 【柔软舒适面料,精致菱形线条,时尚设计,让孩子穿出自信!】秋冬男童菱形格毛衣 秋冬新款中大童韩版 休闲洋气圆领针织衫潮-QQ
________________________________________
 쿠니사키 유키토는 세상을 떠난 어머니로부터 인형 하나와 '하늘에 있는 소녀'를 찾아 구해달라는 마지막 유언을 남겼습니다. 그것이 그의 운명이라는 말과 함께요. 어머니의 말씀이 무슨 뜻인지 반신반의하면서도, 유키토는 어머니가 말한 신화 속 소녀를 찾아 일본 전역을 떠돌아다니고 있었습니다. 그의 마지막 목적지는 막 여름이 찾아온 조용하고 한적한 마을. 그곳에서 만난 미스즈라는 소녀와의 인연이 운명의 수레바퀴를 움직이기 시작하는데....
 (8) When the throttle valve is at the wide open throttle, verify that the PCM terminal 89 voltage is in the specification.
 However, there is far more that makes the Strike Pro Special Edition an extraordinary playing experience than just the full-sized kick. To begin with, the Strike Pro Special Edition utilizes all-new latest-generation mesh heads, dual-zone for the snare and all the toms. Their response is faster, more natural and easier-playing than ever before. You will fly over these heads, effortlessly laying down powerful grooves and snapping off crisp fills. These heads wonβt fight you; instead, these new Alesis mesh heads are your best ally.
________________________________________
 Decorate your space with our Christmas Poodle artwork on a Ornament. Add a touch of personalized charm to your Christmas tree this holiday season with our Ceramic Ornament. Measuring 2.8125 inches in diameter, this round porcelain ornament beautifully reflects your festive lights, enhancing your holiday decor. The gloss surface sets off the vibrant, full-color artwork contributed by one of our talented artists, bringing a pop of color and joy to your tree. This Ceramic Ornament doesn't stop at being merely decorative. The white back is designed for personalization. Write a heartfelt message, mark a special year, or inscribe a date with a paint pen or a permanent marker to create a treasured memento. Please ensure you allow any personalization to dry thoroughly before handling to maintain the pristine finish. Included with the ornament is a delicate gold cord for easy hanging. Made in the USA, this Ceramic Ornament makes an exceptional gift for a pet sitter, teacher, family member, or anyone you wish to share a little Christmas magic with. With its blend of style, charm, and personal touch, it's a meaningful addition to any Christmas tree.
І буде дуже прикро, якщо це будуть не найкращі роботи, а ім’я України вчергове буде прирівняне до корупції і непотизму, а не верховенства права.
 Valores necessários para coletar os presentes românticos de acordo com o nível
________________________________________
▶ [EXERCISE REQUIREMENTS] Tally the lines of the records that contain the word "makes", then give only the tally.

▶ [ANSWER TO THE EXERCISE] 2